Kolejny knot od inżyniera z Sorbono*-techniki:

Jaki będzie wykres zależności prędkości od czasu w przypadku spadku spadochroniarza przed i po otwarciu spadochronu?

Odpowiedź wg autora zadania: Przed otwarciem spadochronu będzie to zależność liniowa rosnąca, bo v = gt.  Po otwarciu spadochronu prędkość się zmniejszy i dalej nie będzie się zmieniać. Zależność rosnąca zmieni się więc w prostą równoległą do osi czasu. W momencie lądowania prędkość spadnie do zera.

(Na boku: uczeni w piśmie gadają, że na "Jaki będzie wykres ... ?" można odpowiedzieć "ładny" i to da się obronić, więc wniosek jest prosty: pytania to bzdet, sens mają polecenia. Ale to dydaktyka, której - jako amator sparzony - nie tykam, bo się nie znam.)

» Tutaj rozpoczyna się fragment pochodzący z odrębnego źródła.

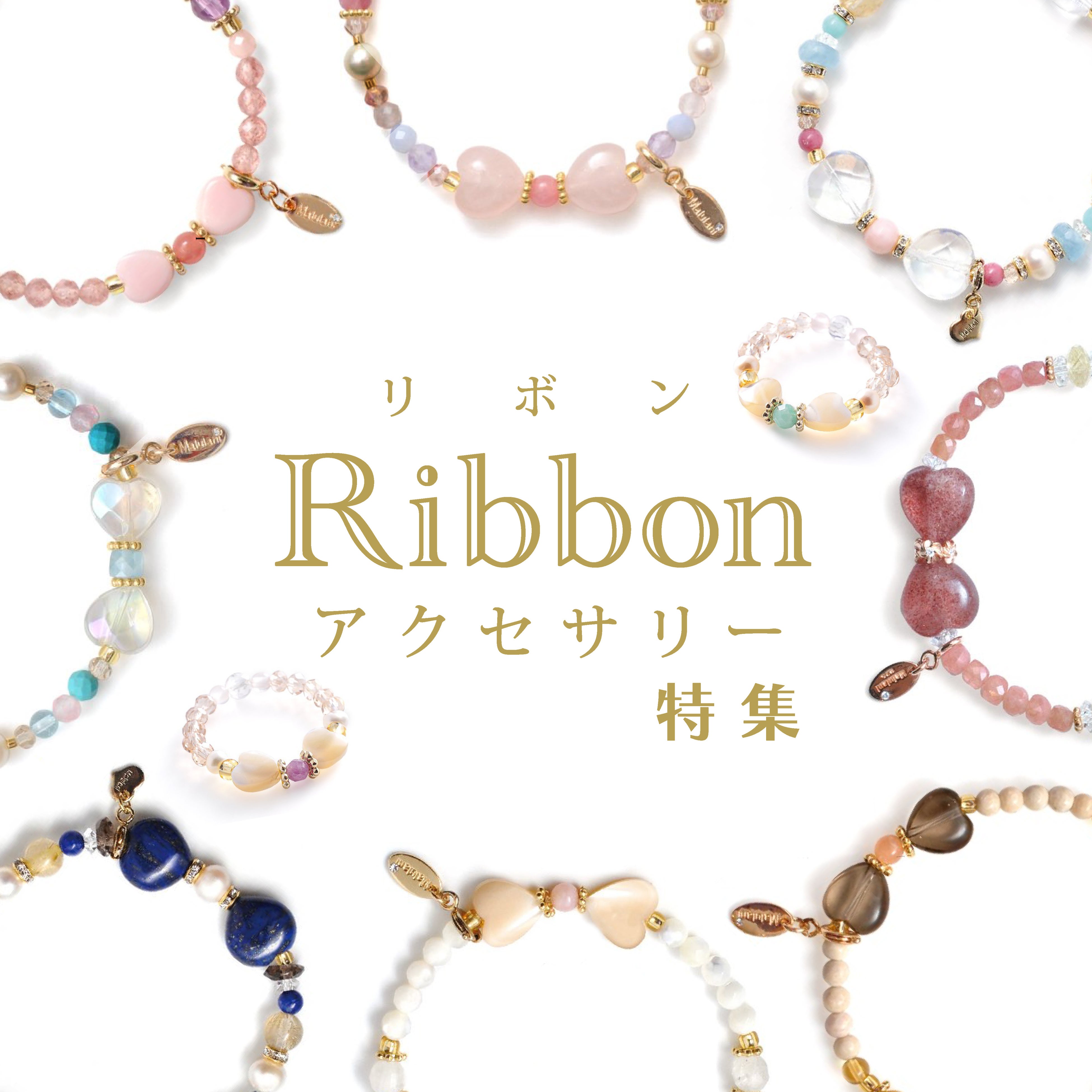 永遠に大好きなリボン仕立てのパワーストーンアクセサリーを、Happyのお守りにいかがでしょうか?
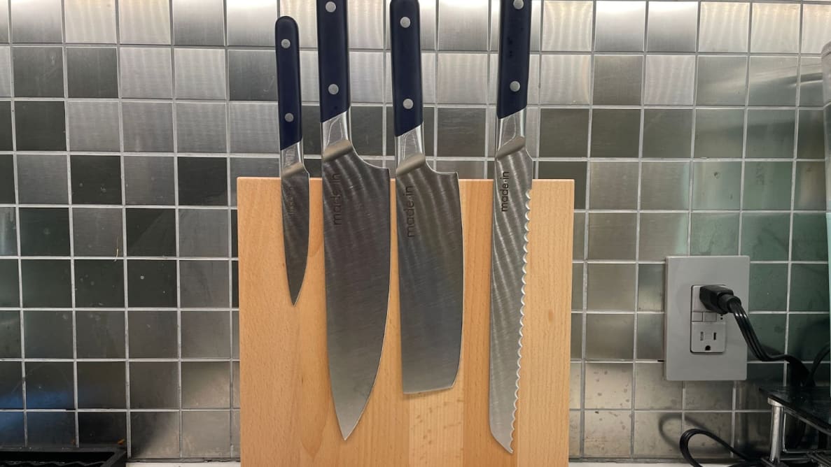 Overall, the Made In Knife Set with Magnetic Block is a suitable option for those who prefer a knife set bundled with a knife organizer. But if you're choosing purely based on knife utility and performance (and don't need any extras), opt for the even-more-lightweight Hedley & Bennett knife set.

Ale ad rem, jak mawiają furmani z wykształceniem klasycznym (w tym doc. dr Furman!). Otóż niestety wiotki i śmierdzący xuj prawda, Herr Ing, nie mylić ze śledziem. Albo nie niestety, tylko na szczęście, bo czemu by nie dojebać inż.? Po pierwsze — milcząco paneś pominął opory powietrza, sugerując wzorek podany. O spadochronach używanych w próżni łaskawie przemilczmy. Rzecz jasna, tuż po wyskoku z areoplanu** owo fau równe gie te to dobre przybliżenie, ale później to się jakoś ustala, podobno w modzie skoku "na główkę" w okolicach 200 km/h, ale dawno nie skakałem. I — siurprajz — ustalenie łagodnie. W wypadku oporu proporcjonalnego do prędkości wykładniczo w czasie, ale chyba lepszym przybliżeniem jest opór kwadratowy w prędkości. Skoro dotarły gały dotąd, dokąd doczytały, to se "rozwiążą", dobierając odp. znaki (pewnie tak, że v to pionowa współrzędna prędkości o znaku tym samym, co g, pewnie const < 0, ale trza sprawdzić): 

dv/dt = mg + const v2

Ja tam rozwiązania nie pamiętam i za cholerę mnie to całkowanie tego samego w nieskończoność nie eksajtuje***. To już było, a z prawdziwym wtajemniczeniem w równania różniczkowe ma wspólnego — delikatnie rzecz ujmując — mało. Wgląd w fizykę jakiś tam niby daje, ale — jak to ze "ściśle rozwiązywalnymi" modelami bywa — zasoby szybko wysychają w miarę zaostrzania się walki klasowej, jak to ujął Koryfeusz Wszechnauk i Wielki Językoznawca.

Drugi knot to sugestia, że z zasady i zawsze otwarcie onego -chronu powoduje zmniejszenie prędkości. Otóż nie bardzo, bo np. skacząc z hielikoptera [żadnych aluzji do Antosia memowego, cyt. "pyr-pyr-pyr..."]  i otwierając tę płachtę w miarę od razu, być może wcale nie doznajemy hamowania. Podobnie jest w przypadku pilota katapultowanego skądsiś, w szczególności w miarę nisko nad ziemio, gdy czasu ani miejsca na rozpędzanie się przesadne nie ma, inaczej bowiem wzmiankowany pilot mógłby boleśnie stłuc organizm o glebę.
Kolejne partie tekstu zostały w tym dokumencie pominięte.